Haskell in the Real World - patrickxb
http://vimeo.com/24676617

======
poelie
We use Haskell intensively. It is a very useful and easy language. Once you
mastered Haskell (and get used to the type system), it feels very natural. It
is both usable for scripting and "real" tasks.

The trick with Haskell is to model the data you are going to use. Haskell has
a good mathematical ground and if you model it right, you can leverage a lot
of mathematical tools.

We use it on a web project in combination with PostgreSQL. These two match
pretty nicely. Both have strong type systems. We wrote an JsonRPC server in
haskell, which acts as a secure proxy between the database and the client.

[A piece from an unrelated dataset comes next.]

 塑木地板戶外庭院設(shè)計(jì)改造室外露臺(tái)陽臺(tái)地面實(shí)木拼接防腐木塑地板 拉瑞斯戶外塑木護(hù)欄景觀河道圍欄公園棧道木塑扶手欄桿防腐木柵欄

We also use it for system scripting. We wrote a special embedded DSL based on
arrows for critical tasks. And we use it for the analysis of data. This is
mostly a pipeline ala: Parsing -> Interpreting -> Analyzing -> Storing, where
every phase has his own data type. It is great for writing parsers.

It has the speed of a compiled language and the ease of a scripting language.
It doesn't match c or c++ of course in speed. But you can get very close and
in almost all cases close enough.

The main negative aspect is that it is difficult to reason about your code in
terms of performance. And laziness can also do wonderful unexpected things.
And bugs in the compiler.